Yesterday I was feeling hopeless and tragic about the state of the world, I cried a lot and I didn’t practice. This isn’t new, I try to avoid the news and media because I just cannot handle all the bad and the hopeless and lost way I feel about not being able to do anything about it. Our neighbor got home from a trip and came to chat, and when I told him that he said, “Well your first mistake is thinking I, what can I do about it?” And he’s right, I’ve attached my ego to the fate of humanity, and that is one of many mistakes. Then Tim said, the only thing to do is to work to better your own self every day. He’s not a yogi, and he’s absolutely right.

So let’s start plugging away at being better and dealing with this I-ness, this identity/ego situation. It’s a little ahead of where we are in chapter two of the Sutras, but I want to bring up purusa and prakriti, the soul and nature. The essence is that the world is made up of two things, that which is eternal and unchanging, and that which is created. We have a lot of names for it, but purusa is basically your soul, or the divine, or God, or the energy you’re made up of. It is unchangeable, it is pure. (Is it also love? I’ve always wondered this. Maybe one day I’ll suddenly know the answer to it and that will be enlightment). Prakriti is the things that are created, it is material, it is things, it is nature and structure and the world as we see it (does it include action? I’m not sure about that yet either)(actually it does).

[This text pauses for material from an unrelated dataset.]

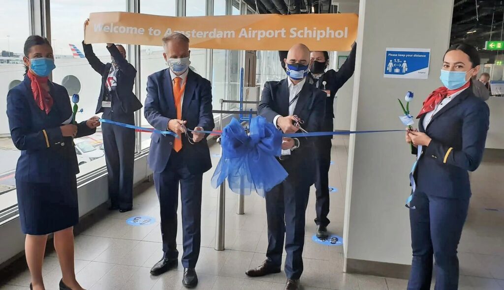 Foto: Bij de inaugurele vlucht van Boekarest naar Schiphol in oktober 2020, met Marcel Lekkerkerk (Marketing Diretor Route & Business Development Royal Schiphol Group) en Krassimir Tanev, Chief Commercial Officer Blue Air (Archieffoto TravMagazine).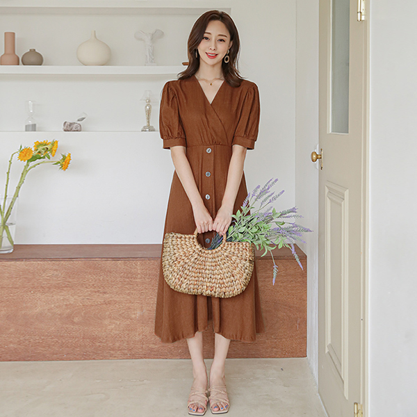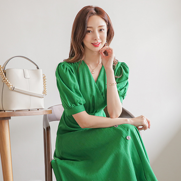泡泡袖 木纹扣子 裹身风格 喇叭 连衣裙

Prakriti can help or hurt you, and often distracts you from your true self by problems with identity, ego, and ignorance. What I love about the Yoga Sutras is, they’re like here are all of these problems, and here are the solutions, and it’s all very straightforward. The Sutras are just a manual to help us work all this out, so we can be better every day. The problem is the distractions, and identifying your actual self with these other parts of nature, and ego. So now we’ll dive a little deeper into the specifics of those distractions, then we’ll see how the Sutras tell us to solve it.

Patanjali defines the “distinguishable marks of nature” as the five elements (Captain Planet also had five elements, but the actual elements do not, unfortunately, include heart but ether instead. Which, what do they mean by ether? This is probably a problem for another time, but the definition of ether is organic compounds with alkyl oxygen groups or the substance we formerly believed was what space was made up of, and neither of those are logical. Maybe we should stick with heart and just watch Captain Planet instead. Update: Captain Planet streams on Amazon but you have to pay for it, although there is a live action comedy version that’s free w/prime).

he’s a hero

Okay that was a long aside, back to the distinguishable marks of nature, prakriti, which are: the five elements, the five organs of action, the five sense of perception (smell, taste, hearing, touch, sight), and the mind. The non-distinguishable marks are sound, touch, shape, taste, smell, and pride. Definitely some overlap, but still all a part of prakriti, nature. The distinguishable, or the first 16, are brought under control by tapas, or burning discipline, which explains why tapas-based classes have such a strong effect. The last six, the non-distinguishable, are controlled by svadhyaya, study, and abhyasa, practice/repetition. Nature (prakriti) and the eternal consciousness become one through isvara pranidhana, surrender. I’m really into this right now because it’s very practical, straightforward stuff. Like, here’s all these things, created and material, that are a part of nature, and nature is supposed to be good for the seer but it can also be distracting so here’s how you get that all under control: it’s tapas, abhyasa, svadhyaya, and isvara pranidhana.

“At this point all oscillations of the gunas that shape existence terminate and prakrtijaya, a mastery over nature, takes place. From this quiet silence of prakrti, Self (purusa) shines forth like the never fading sun.” -Iyengar

I think gunas are coming up next, I’m going to get back in order after this one, to where we were talking about ignorance and ego before this post and the last about sun salutations. All these ideas are going to come up again when we get to them in the Sutras also.